“我们这些老家伙,总是要死的,复儿,你要给自己留后路,懂?”司空老大人眼见自己的儿子冷静了下来,这才缓缓直起僵硬的腰杆:“陛下那里一定乱成一团了,为父先去看看,然后咱们父子再想想……再看看……”
墉城、南阴墟、行宫。
这几日,好像所有人都睡不好,三年前就在行宫一里之外发生了骇人听闻的漳水河惨案,数万冤魂困葬此处,夜来风中哀嚎不止,处处显得凶杀不详。
辛涧疲累地坐在御座上,脚下是自己的四个庶出的儿子,最大的今年二十岁,最小的才十四岁,听他们异口同声地表态:“父王,儿臣愿意领兵,为兄长报仇!”
四位王子的名讳分别是:移、和、程、秩。娇儿继承了高辛氏的英朗相貌,难得的是都已化形,按照年岁分别是:狐有翼、凫有翼、琴虫有翼、雌雄同体。

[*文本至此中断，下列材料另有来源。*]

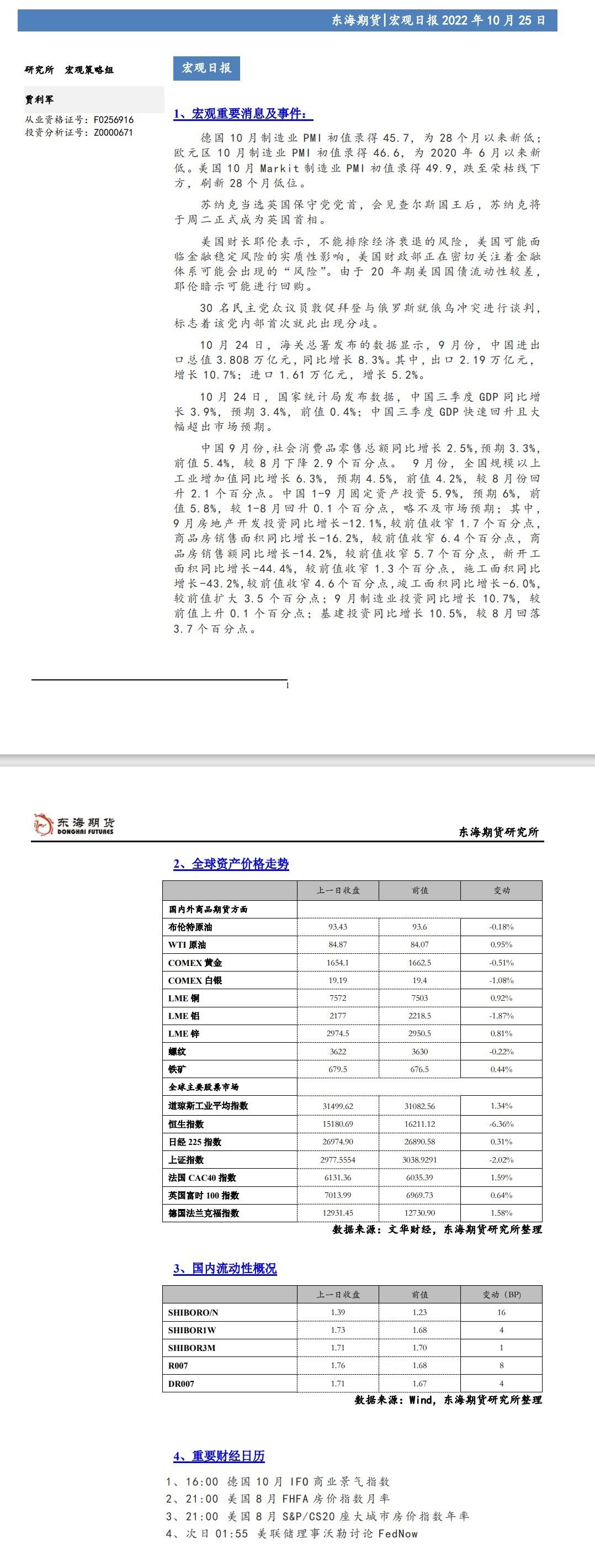 标题:【东海期货10月25日宏观日报】:国内9月经济不及预期,股市和汇率大跌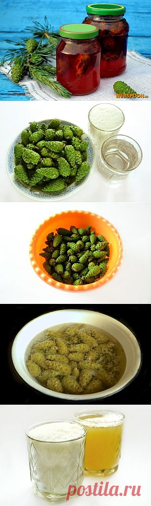 Варенье готовится только из молодых мягких зелёных шишек размером 2-4 сантиметра. Ориентировочно, на 1 кг шишек нужно 2,5 л воды (вода заливается просто, чтобы шишки покрыла, а в конечном итоге нужен расчет отвара и сахара). Отвар из сосновых шишек 250мл, сахар 1ст.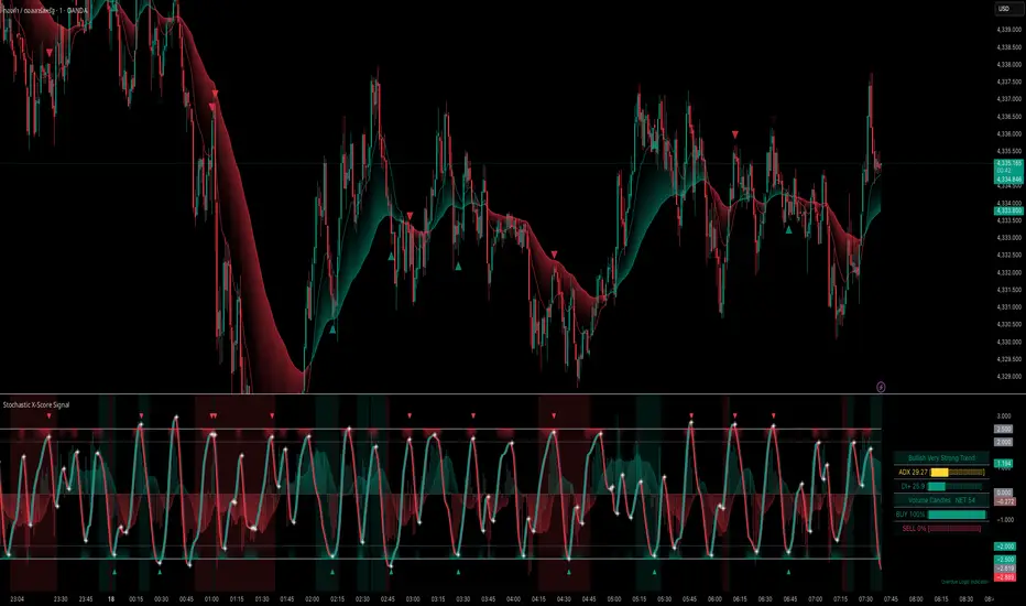 It combines Z-Score, Stochastic, Trend Filter, ADX/DI, and Volume to filter out high-quality trading signals.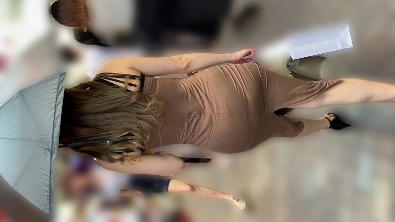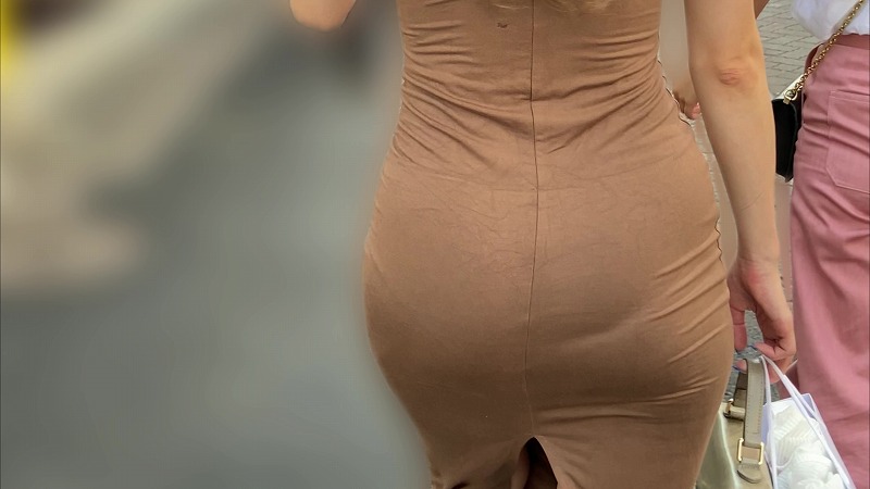 街をゆったりと歩く、体のラインがくっきりと浮かび上がる茶色いボディコンを着た茶髪ギャルを撮影させていただきました。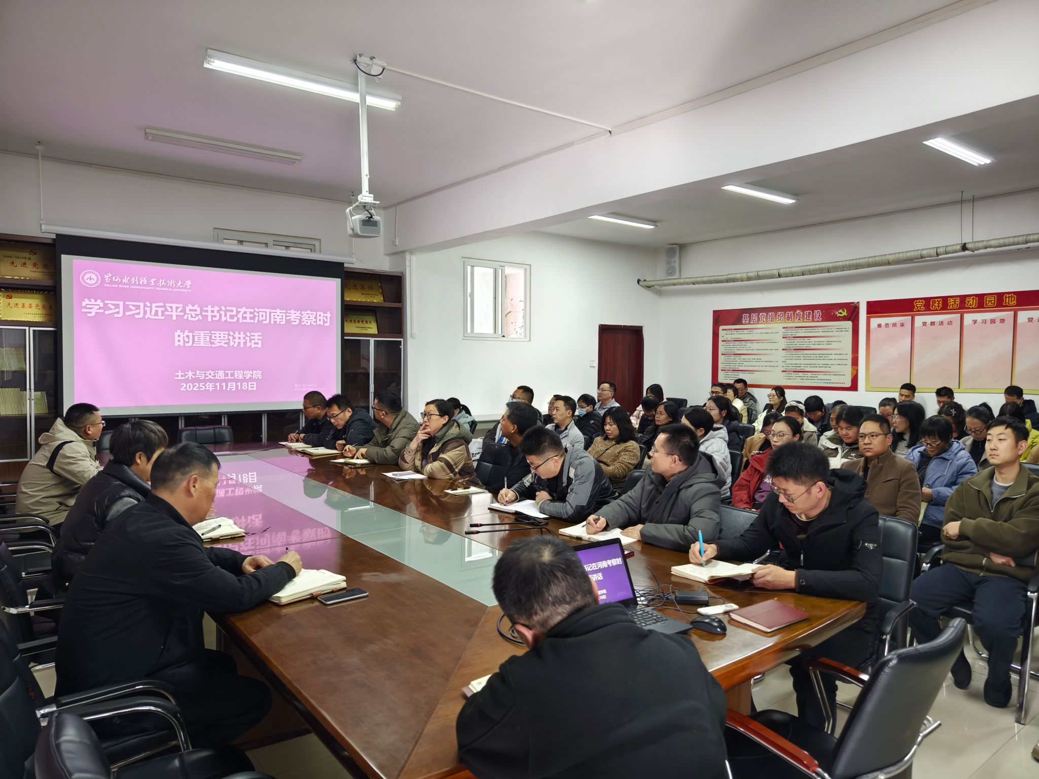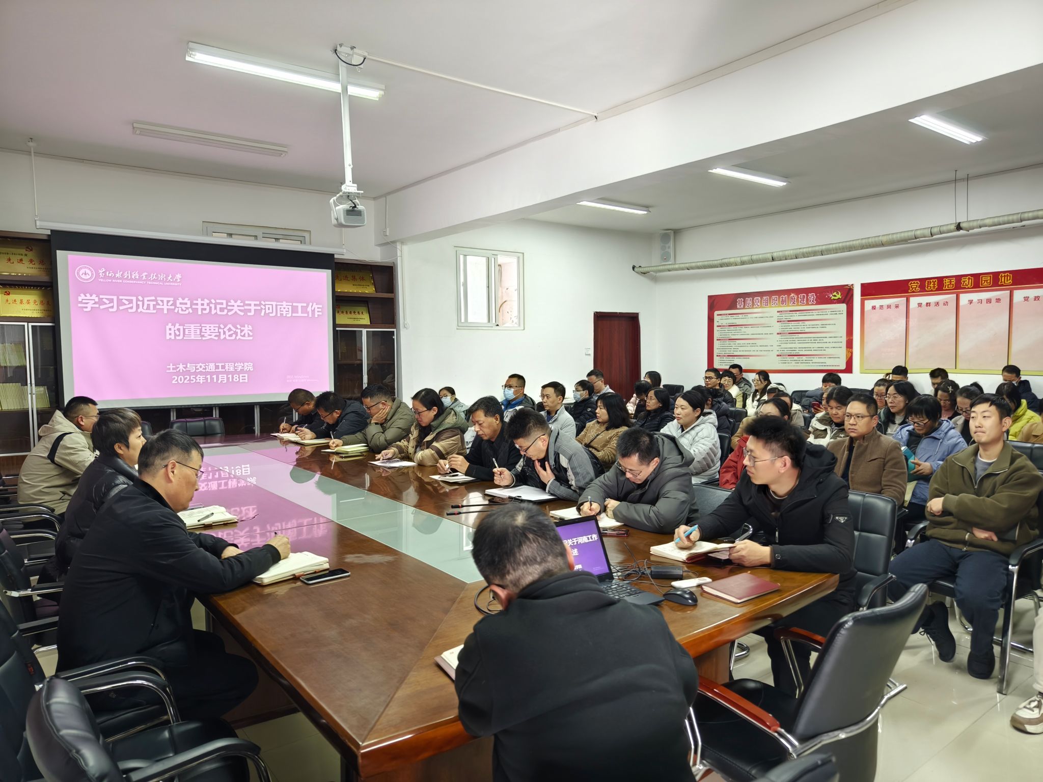 为贯彻落实《黄河水利职业技术大学2025年下半年政治理论学习及思想道德教育计划》学习要求,11月18日,土木与交通工程学院组织教职工传达学习习近平总书记在河南考察时的重要讲话和习近平总书记关于河南工作的重要论述,引导全院教师深刻领会习近平总书记重要讲话精神的核心要义和实践要求,自觉将讲话精神融入日常教学和理论研究工作中,引导广大青年学生坚定理想信念,投身强国建设。

他们很清楚,大哥死了,太子出缺,父王哀痛不止,这一次若是能表现抢眼,难保不是天衍未来的国储。况且东境兵力被父王一手掌握,中境六军却一直以来都是太子府整合,这次争取,不仅仅有东宫之位,还有天下四分之一的兵权。
可是辛涧没有表态,他浑身透着父亲刻骨的疲惫,缓缓揉动着额头,像是在等着什么人……
“他有民心,有威望,神京许多世家子弟与他皆交往甚厚,章华太子一去,对辛涧这个天子的人望、威信、势力都是难以想象的打击。”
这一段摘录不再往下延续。